We became rovers, more at home in the lands of the wilds than those which had held our forefathers rooted. But still there were certain sacred sites which were very old, so old that their original use had long since vanished even from the ancient tales. And these we resorted to on occasions when there was a need that we gather for a centering of the power—for the raising up of an Old One, or a like happening.
These sites have an atmosphere, an aura, which is theirs alone. So that they come alive while we abide there, welcoming us with a warmth of spirit as restoring as a draft of clear water is to a man who has long thirsted. And this feeling—of vast antiquity and purpose—was something I well knew.
But here– Why did I have something of the same sensation—of an old, old thing with a kernel of meaning, a meaning I did not understand? It was as if I had been presented with a record roll which must be learned, yet the symbols on it were so alien they sparked no meaning in my mind. And this feeling haunted me whenever I made the rounds of our improvised landing field. Yet never could I center it in any one direction so that I might explore further and discover the reason of its troubling. I felt it only as if it were part of the dry, grit-laden air, the bitter wind wailing in the rocks.

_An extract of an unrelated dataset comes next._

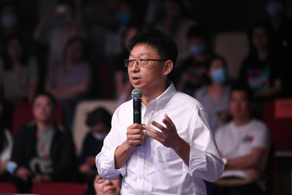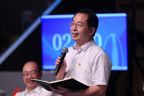 人民日報社機關黨委常務副書記魏建周向選手提問

I was not the only troubled one, but that which occupied the minds of my companions was a different matter. That the priest had triggered the device which had brought about our disaster they knew. The device itself had been found, and in a surprising place. For a careful search had led them to the Throne of Qur. First they thought that what they sought would be within the crate which covered that. But that was not so. They fully exposed the Throne and discovered nothing. Then they began a careful search, inch by inch, of the piece itself, using their best detector. Thus Lidj had uncovered a cavity in the towering back. Pressure upon two of the gems there had released a spring. Within was a box of dull metal.